Azure Databricks: For each record in a dataframe find the same in another dataframe, insert missing-CodePudding

I have a dataframe df_calendar with 2 columns month and year. I have another dataframe df_stock with 4 columns month, year, plant, stock. Assuming that there are 12 records in df_calendar for the year 2022, I would like to check the stock in df_stock for each month present in df_calendar. Please note that df_stock has records only for the months when the stocks are available. If the stock does not exist for any month, I would like to report the plant name and stock as zero. Which join can I use? If not joins, what is the most efficient way? The data in df_stock is large.

calendar_columns = ["month_number", "year_number"]

calendar = [(1, 2022), \
              (2, 2022), \
              (3, 2022)]

df_calendar = spark.createDataFrame(data=calendar, schema = calendar_columns)

demand_columns = ["month_number", "year_number", "plant_id", "quantity"]

demand = [(1, 2022, "P1", 10), \
            (2, 2022, "P1", 20), \
            (3, 2022, "P1", 30), \
            (1, 2022, "P2", 15)]

df_demand = spark.createDataFrame(data=demand, schema = demand_columns)

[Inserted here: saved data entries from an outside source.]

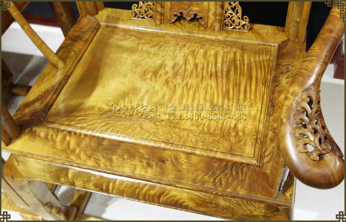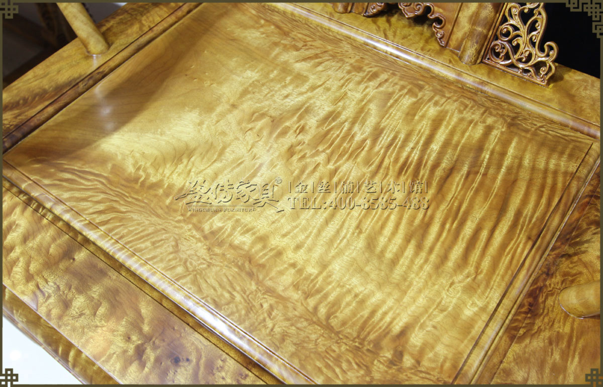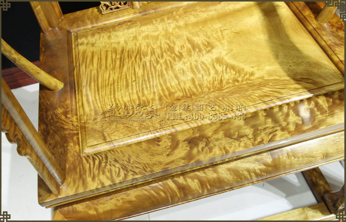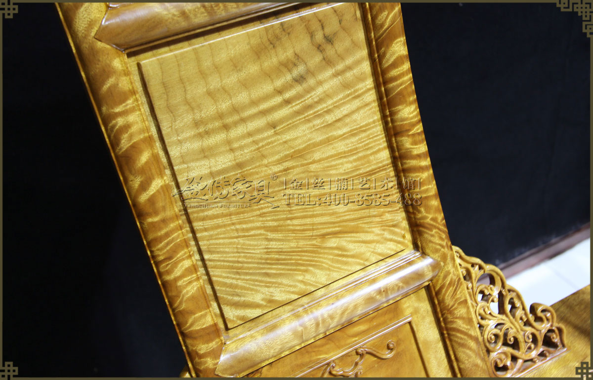 此皇宮椅三件套最大特點是有著震撼人心的滿水波紋路,富麗堂皇,流光溢彩,大氣磅礴,移步換景,像波光粼粼的水浪、像連綿不絕的山峰、像絢爛多變的云彩,縈繞著濃烈的富麗氣質,沿襲皇家風范,彰顯高貴品質,大氣之感撲面而來,讓人心靈完全被深深地折服。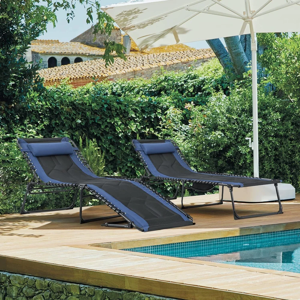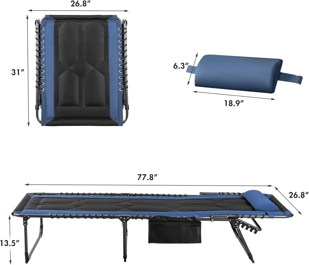 Product Description Folding Chaise Lounge Outdoor Portable Lounge Chairs 4-Position Adjustable Camping Lounge Chair with Pillow & Side Bag Lightweight Recliner Sunbathing Chair for Pool Beach Deck (Blue) [Comfortable Experience] The patio lounge chair has a wider and longer seat, enough for an adult to sit comfortably on. The Seat are thickened to provide greater comfort and stability than traditional single-layer fabric, allowing you to enjoy your leisure time freely. [Premium Material] Made of special coating steel frame, this chaise lounge outdoor provides better weight capacity and withstands bad weather. Textilene fabric offers soft and breathable while the high-elastic oxford rope offers extra support. [Thoughtful Design] Comes with adjustable headrest, you can freely adjust the position to your like. The side bag has 3 different size pockets, you can put books, phone, tablet and so on, adding more convenience. The non-slip footpad at the bottom not only provides stability on different grounds, but also protects the steel frame from corrosion. [4 Position Adjustable] The back of this camping chair has 4 adjustable angles, which you can adjust according to your needs. Whether you sit up for reading or recline for relaxing or lay flat for sunbathing, this lounge chairs for outside is suitable for your indoor/outdoor using. [Fold & Storage & Carry] Using pre-installed design, there is no need to assemble. It just takes 10 seconds to fold (Hold the 2 Side then Fold in). With lightweight material, it is convenient to storage in you car trunk and take it to everywhere you need. About Us We are a reputable seller with many years of experience selling on eBay. Our goal is to provide high-quality products and excellent customer service. Shipping Items will be shipped within 1-3 business days when we received payment. (Orders are not processed on weekends & holidays) Tracking information will be sent once item is shipped. Delivery time depends on destination and other factors Item is shipped to ebay address. Leaving correct address can minimize delay. For international shipping and shipping to Guam, Hawaii and Alaska, Please contact us before placing the order. International buyers please note: Import duties, taxes and charges are not included in the item price or shipping charges. These charges are buyer’s responsibility. We will try our best to reduce the risk of the custom duties. Local pick-up is unavailable at the moment. Contact Us We reply any email messages within 1 business / working days(off-duty at weekend). If you do not get a response from us, then please check your junk or spam mailbox. Our Business hours: Mon-Fri 9:00-18:00, UTC/GMT +8 hours. Please contact us either by clicking "contact seller" in the "purchase history" section or simply click "ask a question" at the bottom of this page. If you are unsatisfied with our item or service, please contact us before leaving any feedback. We are committed to resolve all issues in a friendly and satisfactory manner.
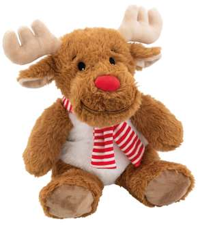 Bastelpackung "Rentier Robby"– nur noch zum Ausstopfen, mit gestreiftem Schal, Grösse: 26 cm. Komplett genähtes und vormontiertes Kuscheltier aus hochwertigem und sehr weichem Plüsch. Material: 100 % Polyester. Sie benötigen noch ca. 100 g Füllwatte.

For the above example, the output should be

Plant	Month	Year	Stock
P1	1	2022	10
P1	2	2022	20
P1	3	2022	30
P2	1	2022	15
P2	2	2022	0
P2	3	2022	0

CodePudding user response：

It looks like you need to get a distinct list of plants, cross join it with months then join in the demand data. Finally replace nulls with zero.

df_rows = df_demand.select("plant_id").distinct().crossJoin(df_calendar)
df_final = df_rows.join(df_demand,['plant_id','month_number','year_number'], 'leftouter').na.fill(value=0)